La espada de Erick pesaba demasiado, tanto que por un fugaz momento de locura pensó en
soltarla, lo que equivaldría a ahorcarse en un poste. El agua se acabó hace dieciocho horas, la
comida hace seis días, en el desierto no hay mapas, no hay senderos o atajos, ni indicaciones de
algún tipo, solo puede contar con que de algún modo su instinto le guie y que no esté caminando
en círculos. Ciertamente el dolor en las tripas hacía difícil concentrarse en nada, la sed debilitaba
hasta la fuerza más prodigiosa y el cansancio no ayudaba. La tentación de tumbarse y descansar
era tanta, aunque sabía que si se detenía no volvería a levantarse, el desierto no perdonaba la
debilidad ni tampoco la estupidez.

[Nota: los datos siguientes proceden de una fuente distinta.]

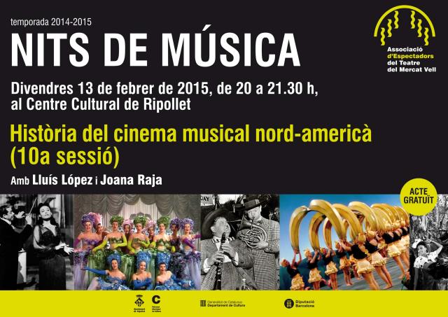 Aquest divendres, 13 de febrer, Nits de música oferirà la desena sessió sobre la història del cinema musical nord-americà, reprenent així aquest tema, de la mà de Joana Raja i Lluís López. L'activitat, organitzada per l'Associació d'Espectadors del Teatre del Mercat Vell, estarà coordinada, com sempre, per Ángel Esteve i Rafael López.

Cuando diviso a las tres personas a lo lejos gimió como un niño,
creyó que sus sentidos le engañaban y que probablemente ya hubiera sucumbido a la locura del
desierto, pero utilizando las fuerzas que le quedaban corrió hacia ahí porque era su última
esperanza.

Si nunca has sentido tanta hambre en tú vida, como podrías comprenderías lo que sentía Erick, al
ver a esos extraños, la saliva se acumulaba, los menguados sentidos se afinaban, sus musculos se
tensaron, el pensamiento racional daba paso al instinto de supervivencia, cuando en verdad estas
tan hambriento, que contemplas la idea de arrancarte una parte del cuerpo y comértela, cualquier
noción de decencia o moralidad carecen de ningún sentido, el momento de las decisiones
plenamente conscientes pasa pues ya es todo tan simple como sentir si al final vas vivir o a morir,
la ilusión de lo que crees es un hombre desaparece en alguna parte del cerebro, y emerge el
monstruo que todos llevamos dentro.

El ataque es tan desmedido y brutal, tan violento y sanguinario que sus víctimas no tienen tiempo
de pelear, razonar o huir, después de tal carnicería solo quedan piezas irreconocibles que nadie
cuerdo asociaría a seres humanos, nada importaba que fueran soldados o viajeros, hombres o
mujeres, ancianos o niños, ellos se interponían en la supervivencia de Erick, para que él pudiera
vivir ellos debían morir. Sin pensarlo busco entre los restos cualquier cosa que apaciguara su
hambre, ni siquiera prendió fuego, comió la carne después bebió su sangre y chupo la medula de
los huesos, saboreo cada trozo con un deleite único, cada visera era un manjar, no desperdicio
nada ni dejo nada para los carroñeros, cuando acabo de comer fue como despertar de un sueño,
comprendió lo que había hecho y soltó su espada, se postro abatido con lágrimas en sus ojos grito
al cielo y maldijo a sus inútiles dioses.